Oxley reports 80% slump in Q1 earnings

First-quarter earnings at property developer Oxley Holdings nosedived 80 per cent on the back of a sharp drop in revenue.

Net profit for the three months to Sept 30 came in at $7.1 million - a far cry from the $36.1 million in the same period a year ago.

Revenue slumped 71 per cent to $126.5 million.

Oxley said late last Friday that the lower net profit and revenue, compared with the same quarter the year before, was due to the "timing and different levels of progress in project construction and completion".

Turnover for the quarter came primarily from revenue recognition on five of the group's residential and mixed-use projects in line with the construction progress, based on the percentage of completion method.

It was also supported by revenue recognition on the handover of some units in The Royal Wharf Phase 1 and rental income generated by investment properties.


    NET PROFIT: $7.1 million (-80%)

    REVENUE: $126.5 million (-71%)

The higher revenue of $435.9 million previously had been mainly due to the recognition of revenue on the completion of Ecotech@Sunview.

The lower revenue dragged down gross profit by 54 per cent to $19.7 million, which was also weighed down by the lower share of profit from equity-accounted joint ventures and associates.

Gross profit margin, however, improved significantly from 23.9 per cent to 37.6 per cent.

Earnings per share fell to 0.24 cent from 1.22 cents previously. Net asset value per share stood at 26.95 cents as at Sept 30, up slightly on the 26.79 cents as at June 30.

Oxley has launched 32 projects and completed 23 projects to date. Its total unbilled contract value amounted to $2.66 billion as at Sept 30, of which about $900 million is attributable to Singapore projects, and about $1.76 billion is attributable to overseas projects.

Oxley said it expects to receive $1.37 billion in the next 12 months when a number of its projects complete or obtain temporary occupation permit, including KAP & KAP Residences in Singapore and phase one of the Royal Wharf project in London.

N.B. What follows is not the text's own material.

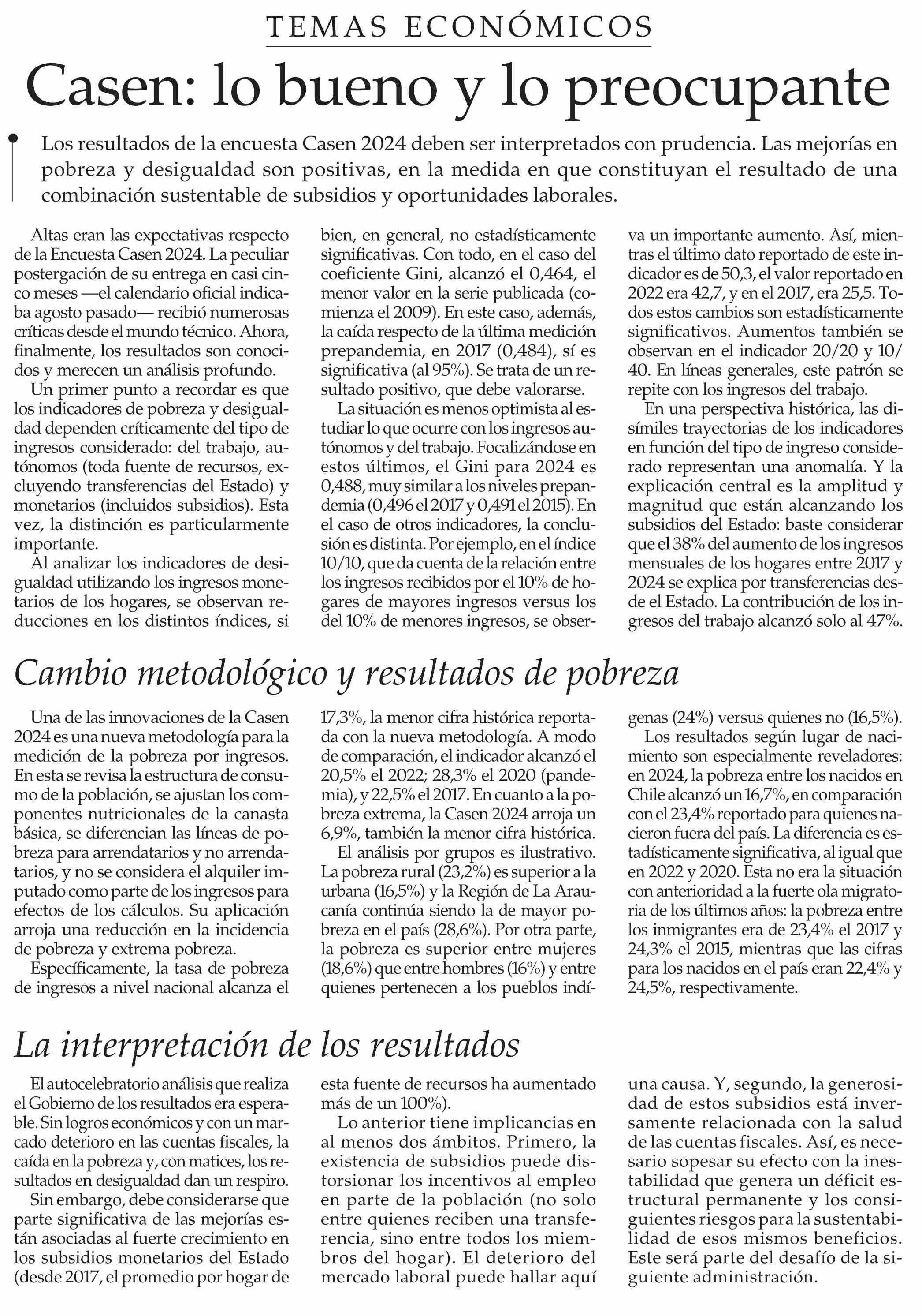 Editorial: Casen: lo bueno y lo preocupante 10-01-2026 El Mercurio |

The group added that construction and sales are progressing well for The Peak and The Bridge developments in Cambodia, while in Malaysia, Oxley Towers Kuala Lumpur City Centre has commenced construction and will be launched at an appropriate time, depending on market conditions.

It also plans to launch Min Residences in Yangon, Myanmar and the Oxley Convention City in Batam, Indonesia in the fourth quarter.

Oxley executive chairman and chief executive Ching Chiat Kwong noted that the launch of its Dublin Landings project in Ireland had been the highlight for the quarter. "It marked another major step in our overseas expansion, after the Royal Wharf project, as we continue to build our revenue pipeline for sustainable growth," he said.

Mr Ching added: "The unbilled contract value of $2.7 billion will allow us to meet our operational and construction needs and pay down our debts to further reduce gearing. Complemented by recurring income from investment properties, Oxley will gain a stronger financial foothold to fund existing and future projects, and create value for our shareholders and investors."

Oxley shares finished flat at 47 cents last Friday, before the results were announced.